§ **TASK TO COMPLETE**:
Go through the listing below and retype exactly the lines starting at the one with "Chloé's Woody tote" and ending at the one with "Oligomer photo-induced cross-linking", skipping pictures.

§ **RECORDS SUPPLIED**:
Content starts
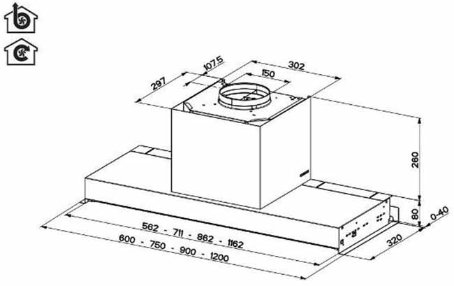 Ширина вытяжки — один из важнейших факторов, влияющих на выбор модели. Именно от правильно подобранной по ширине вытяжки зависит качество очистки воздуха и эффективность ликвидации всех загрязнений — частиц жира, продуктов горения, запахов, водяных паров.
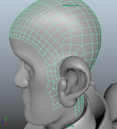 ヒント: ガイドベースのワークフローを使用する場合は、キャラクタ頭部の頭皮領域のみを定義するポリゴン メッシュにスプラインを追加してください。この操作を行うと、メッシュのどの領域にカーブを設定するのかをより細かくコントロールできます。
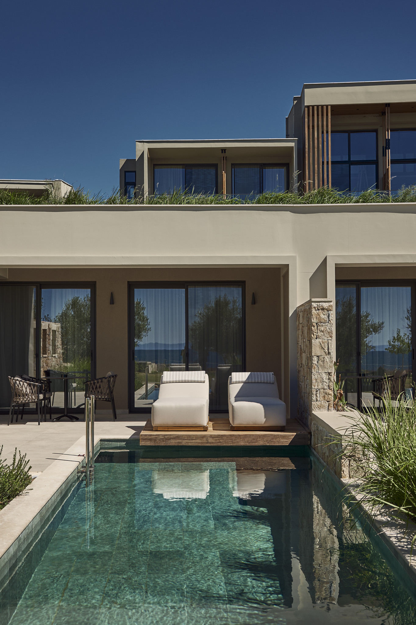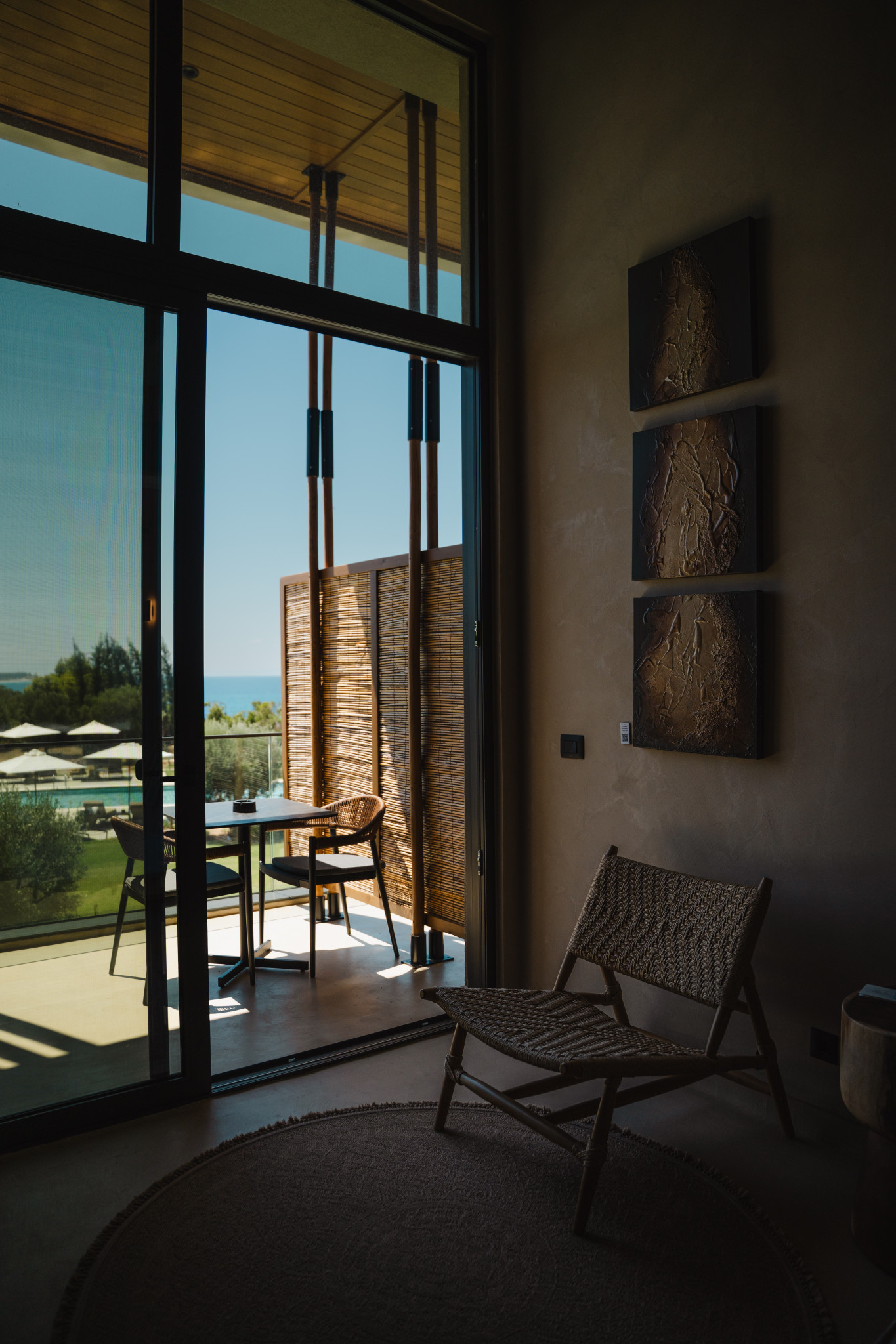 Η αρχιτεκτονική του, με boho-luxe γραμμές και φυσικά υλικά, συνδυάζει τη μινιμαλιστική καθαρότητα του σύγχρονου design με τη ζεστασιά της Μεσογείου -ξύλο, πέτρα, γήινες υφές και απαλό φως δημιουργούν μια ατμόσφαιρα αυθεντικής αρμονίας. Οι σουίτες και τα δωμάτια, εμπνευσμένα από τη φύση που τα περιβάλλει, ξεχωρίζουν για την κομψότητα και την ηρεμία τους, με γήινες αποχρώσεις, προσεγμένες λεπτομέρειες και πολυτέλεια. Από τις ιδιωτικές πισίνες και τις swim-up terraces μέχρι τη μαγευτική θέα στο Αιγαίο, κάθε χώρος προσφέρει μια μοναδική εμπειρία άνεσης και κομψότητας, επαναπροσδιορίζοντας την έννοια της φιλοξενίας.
Content ends
Content starts
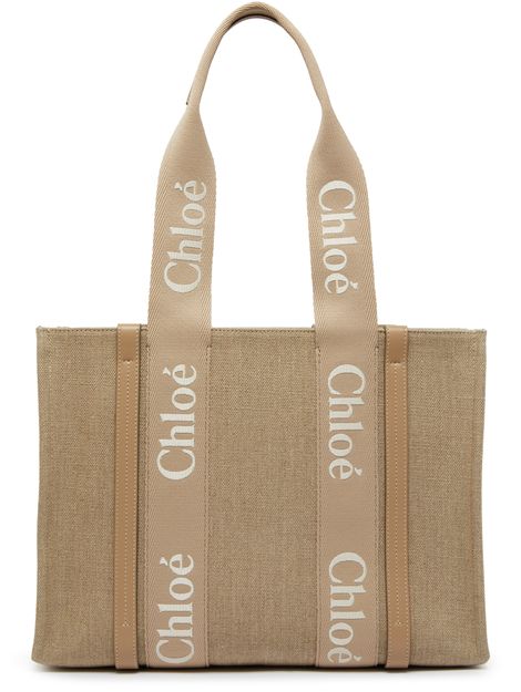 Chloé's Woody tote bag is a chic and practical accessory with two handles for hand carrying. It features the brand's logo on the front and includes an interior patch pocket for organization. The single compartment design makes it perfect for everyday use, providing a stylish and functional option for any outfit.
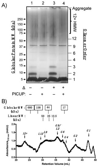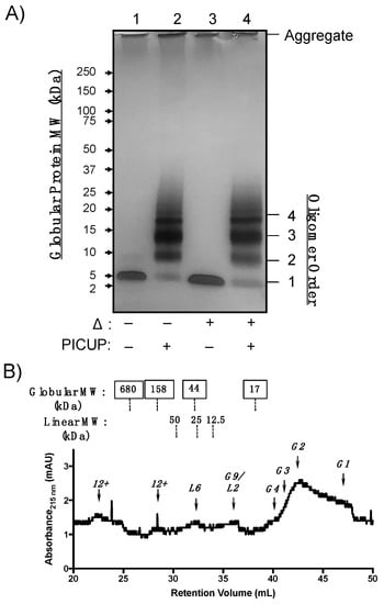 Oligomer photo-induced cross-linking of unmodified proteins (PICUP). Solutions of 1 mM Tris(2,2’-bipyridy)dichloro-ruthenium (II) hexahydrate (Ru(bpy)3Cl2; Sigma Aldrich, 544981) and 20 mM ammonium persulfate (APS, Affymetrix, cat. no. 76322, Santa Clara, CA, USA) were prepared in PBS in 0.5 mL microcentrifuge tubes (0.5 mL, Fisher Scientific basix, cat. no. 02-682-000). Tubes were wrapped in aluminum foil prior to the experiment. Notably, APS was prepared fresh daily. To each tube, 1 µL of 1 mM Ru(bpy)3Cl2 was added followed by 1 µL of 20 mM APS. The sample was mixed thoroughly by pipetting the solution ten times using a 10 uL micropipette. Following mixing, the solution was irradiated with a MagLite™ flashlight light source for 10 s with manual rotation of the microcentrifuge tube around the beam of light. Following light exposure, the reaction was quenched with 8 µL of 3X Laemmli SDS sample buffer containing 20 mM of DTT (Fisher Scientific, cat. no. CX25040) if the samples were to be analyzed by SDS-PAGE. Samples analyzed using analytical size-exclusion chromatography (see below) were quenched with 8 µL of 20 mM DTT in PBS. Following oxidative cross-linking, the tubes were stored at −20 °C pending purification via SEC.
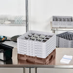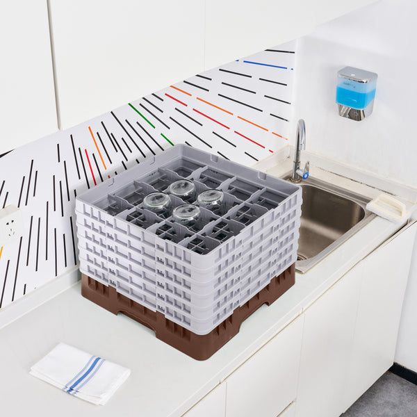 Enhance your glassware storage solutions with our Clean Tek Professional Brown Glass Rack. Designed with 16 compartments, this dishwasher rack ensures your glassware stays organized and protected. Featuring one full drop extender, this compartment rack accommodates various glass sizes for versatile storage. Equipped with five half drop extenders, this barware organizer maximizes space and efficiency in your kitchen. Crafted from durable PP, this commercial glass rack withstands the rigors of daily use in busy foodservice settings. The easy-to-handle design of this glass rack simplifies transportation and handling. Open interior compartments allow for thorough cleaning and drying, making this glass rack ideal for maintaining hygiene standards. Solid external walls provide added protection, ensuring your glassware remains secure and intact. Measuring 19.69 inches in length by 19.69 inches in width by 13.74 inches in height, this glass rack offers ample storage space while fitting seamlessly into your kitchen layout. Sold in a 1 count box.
Content ends
§ **YOUR RESPONSE**:
 Chloé's Woody tote bag is a chic and practical accessory with two handles for hand carrying. It features the brand's logo on the front and includes an interior patch pocket for organization. The single compartment design makes it perfect for everyday use, providing a stylish and functional option for any outfit.
 Oligomer photo-induced cross-linking of unmodified proteins (PICUP). Solutions of 1 mM Tris(2,2’-bipyridy)dichloro-ruthenium (II) hexahydrate (Ru(bpy)3Cl2; Sigma Aldrich, 544981) and 20 mM ammonium persulfate (APS, Affymetrix, cat. no. 76322, Santa Clara, CA, USA) were prepared in PBS in 0.5 mL microcentrifuge tubes (0.5 mL, Fisher Scientific basix, cat. no. 02-682-000). Tubes were wrapped in aluminum foil prior to the experiment. Notably, APS was prepared fresh daily. To each tube, 1 µL of 1 mM Ru(bpy)3Cl2 was added followed by 1 µL of 20 mM APS. The sample was mixed thoroughly by pipetting the solution ten times using a 10 uL micropipette. Following mixing, the solution was irradiated with a MagLite™ flashlight light source for 10 s with manual rotation of the microcentrifuge tube around the beam of light. Following light exposure, the reaction was quenched with 8 µL of 3X Laemmli SDS sample buffer containing 20 mM of DTT (Fisher Scientific, cat. no. CX25040) if the samples were to be analyzed by SDS-PAGE. Samples analyzed using analytical size-exclusion chromatography (see below) were quenched with 8 µL of 20 mM DTT in PBS. Following oxidative cross-linking, the tubes were stored at −20 °C pending purification via SEC.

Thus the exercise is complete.